**Supplied material:**
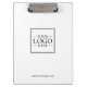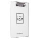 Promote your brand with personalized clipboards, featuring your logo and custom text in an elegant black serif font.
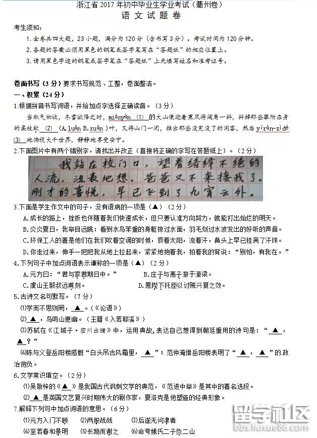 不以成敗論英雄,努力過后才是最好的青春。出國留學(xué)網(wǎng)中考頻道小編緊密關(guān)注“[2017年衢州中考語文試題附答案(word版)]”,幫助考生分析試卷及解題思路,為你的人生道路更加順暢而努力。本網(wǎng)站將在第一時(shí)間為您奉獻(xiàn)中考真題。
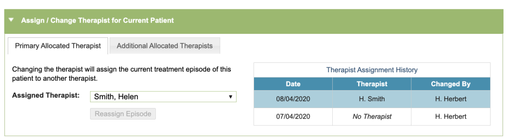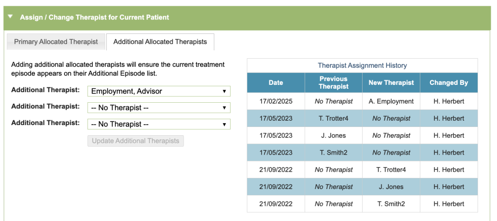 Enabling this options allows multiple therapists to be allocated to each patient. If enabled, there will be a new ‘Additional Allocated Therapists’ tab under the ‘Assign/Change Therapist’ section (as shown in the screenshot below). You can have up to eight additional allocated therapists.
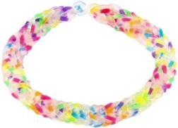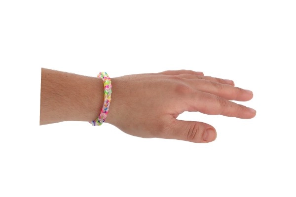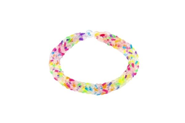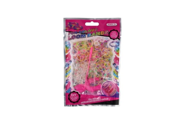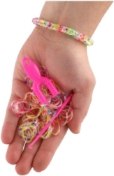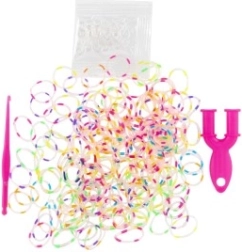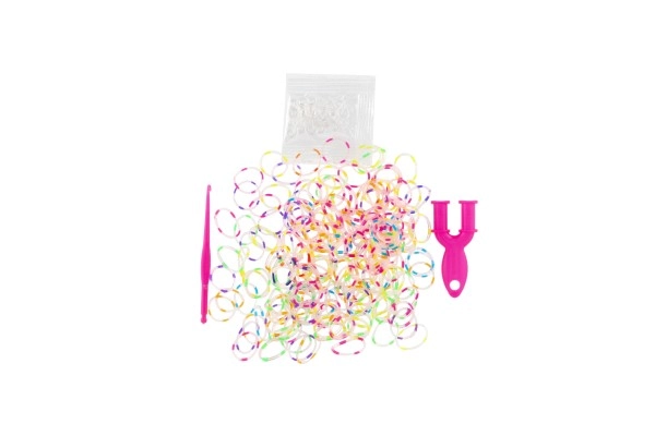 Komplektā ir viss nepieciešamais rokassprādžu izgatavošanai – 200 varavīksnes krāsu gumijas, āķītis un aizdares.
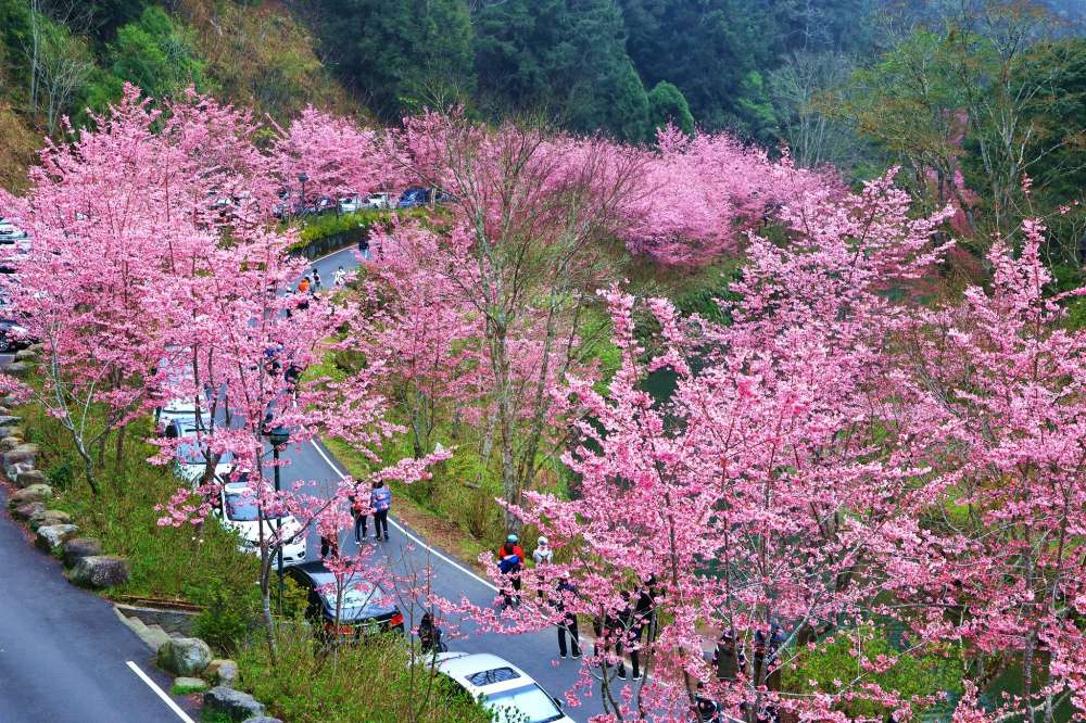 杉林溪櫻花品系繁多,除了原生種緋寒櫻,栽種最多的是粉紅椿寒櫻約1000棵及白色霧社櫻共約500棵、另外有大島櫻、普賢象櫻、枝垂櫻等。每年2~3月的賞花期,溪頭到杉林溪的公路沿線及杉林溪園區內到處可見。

**Task item:** Omitting all pictures, copy the preceding entries without any alteration.

**Completed exercise:**
 Promote your brand with personalized clipboards, featuring your logo and custom text in an elegant black serif font.
 不以成敗論英雄,努力過后才是最好的青春。出國留學(xué)網(wǎng)中考頻道小編緊密關(guān)注“[2017年衢州中考語文試題附答案(word版)]”,幫助考生分析試卷及解題思路,為你的人生道路更加順暢而努力。本網(wǎng)站將在第一時(shí)間為您奉獻(xiàn)中考真題。
 Enabling this options allows multiple therapists to be allocated to each patient. If enabled, there will be a new ‘Additional Allocated Therapists’ tab under the ‘Assign/Change Therapist’ section (as shown in the screenshot below). You can have up to eight additional allocated therapists.
 Komplektā ir viss nepieciešamais rokassprādžu izgatavošanai – 200 varavīksnes krāsu gumijas, āķītis un aizdares.
 杉林溪櫻花品系繁多,除了原生種緋寒櫻,栽種最多的是粉紅椿寒櫻約1000棵及白色霧社櫻共約500棵、另外有大島櫻、普賢象櫻、枝垂櫻等。每年2~3月的賞花期,溪頭到杉林溪的公路沿線及杉林溪園區內到處可見。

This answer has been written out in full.